第79章 脱出因缘无妄果,梨花树下又见君
  二十八、
  张文笙说,这到底还是个野蛮时代,这里到底还是个野蛮的地方。
  他说得没错,这个山谷小村里的人,抢男人结婚比抢钱还狠。
  当然了,他们也根本就不需要钱。
  张文笙还说:要跑马上跑,此地不宜久留。
  他倒是赵小姐指了我的当场就同我说了,但这个事并不容易做成。因为赵小姐的纤手指过我之后,她阿哥大手一挥,我就被一群大小伙子簇拥到“未来的老丈人”家里,被人看起来了。
  院墙外面有人把守,院墙里面有两条狗。
  赵玄郎醉了,“曹钰”当场没有吭气,张文笙虽然赶着跟我说了几句话,就再近不了我身畔。
  我被人推着拽着围着带走,他也就只是远远看着。
  他嘴唇在动,依稀又说了什么,我就听不清、也看不清了。因此也吃不准他会不会来找我。
  夜深了,我呆坐在屋子里,油灯烧得明晃晃的,清清楚楚能看见人进人出,有人给这整间屋子蒙上红。
  是在窗上、门沿、墙壁、土炕上都贴了殷红的符纸,上面鬼画符的大字我并不认识。
  不多时,还有神婆打扮的老妪进来沿着脚步撒下米粒。

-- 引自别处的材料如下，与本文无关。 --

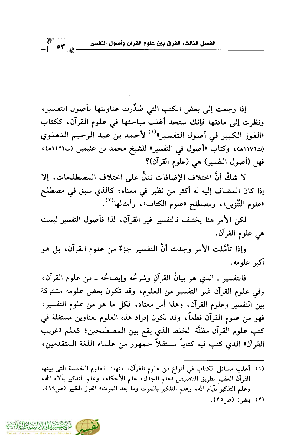 لكن الأمر هنا يختلف فالتفسير غير القرآن، لذا فأصول التفسير ليست هي علوم القرآن.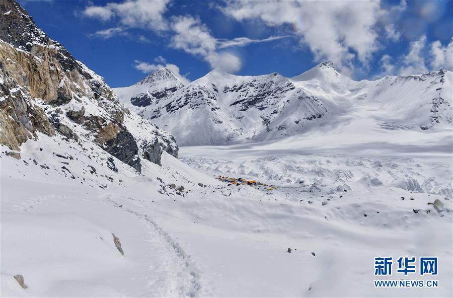 被大雪覆盖的海拔6500米的珠峰前进营地(5月22日摄)。新华社记者晋美多吉摄

她真的很老了,脸儿好像皱缩的核桃。
  她在头上围着一匹锦,到脑后一直拖下去、拖下去、拖到脚跟,锦缎上插着一丛红花。
  她走路颤颤巍巍,那些花朵也抖抖颤颤。她踮着脚进来,步子如狐狸一样,全是脚尖着地。
  我听见她用沙哑的声音在念咒,吟唱声很悠长,我觉得更像是某种山歌。
  她唱了一刻,把我脚畔全都撒过米,就踮着脚后退着出去了。换了阿文进来,捧给我一套衣裳,竟然也配有红花,着我自己换上。
  我假装喝多了酒,拖拖拉拉地与他闲话。我说我头晕眼花,恐怕办事不力,要不咱们改天?
  阿文很淡定地对我笑笑,说:离天明还有很久,你可以喝点茶,慢慢醒酒。
  我大愣:你们这里什么风俗?作兴天亮了才圆房吗?
  阿文还是客客气气地对我笑笑,也是踮着脚轻手轻脚地后退着出去了。我留意到,他很小心,没有踏到地上的任何一粒米。
  他出去后,我听见外面又开始有人唱歌。这一次,像是环着院子,有多人吟唱,男女都有。我听见他们唱的很整齐高亢,我却完全听不懂,这是另一种的语言了,似乎很古朴,发音顿挫。
  因为听不懂,尽管这歌很婉转,我却只觉得心里暗自发毛。
  他们唱了有一两个钟头之久,我已经很疲累了,他们还在唱。有时候拔到高音,院子里的狗都是一阵叫,听得我心慌意乱,自然也没办法稍作休息。
  喝茶更是不能够了——我一度想要尿遁去找张文笙,出了屋舍、院子,结果在围墙外面被大家拦住。
  村民们问我是不是想落跑?我哪里敢说实话,只推说想去树林里解手罢了。然后他们!居然!
  派出一个!十三四岁的小姑娘!……去给我端了一个新娘子才用的朱漆描金新马桶来,让我回屋里自用。
  这特么还怎么跑?
  而且,张文笙也没跟我约好怎么接应啊!
  大约三更将尽、四更未至那个时节,“曹钰”跟他们客客气气打了招呼,进到屋里来看我。
  他一见面就很大声同我说:我是来辞行的!曹士越,你太不够意思,老子把你当兄弟,你居然抢老子看上的女人!枉费老子的一片心意!
  声音真的很大。他这个老曹吧,声音也极像我爸那个老曹,就是嘹亮宽厚,仿如洪钟。被他用这把声音一吼,开口闭口全是抢女人的事体,我心里真的很绝望。
  不晓得为啥总有种父子俩一起……的错觉,很不对劲,让我觉得很不行。何况这熟悉的赶脚,我的亲爹那个老曹,其实也不是没干过公然抢走追求我的女子的事体。真的非常不行。
  他毕竟没有盖章是我爸爸,眼下也没有办法盖这个章,可能还是同名同姓。既然不是我的爸,我就敢回过头来吼他。
  我吼道:曹钰!你特么有什么脸说我?不要脸的事情你干得还少吗?杀人!抢女人!你没干过?!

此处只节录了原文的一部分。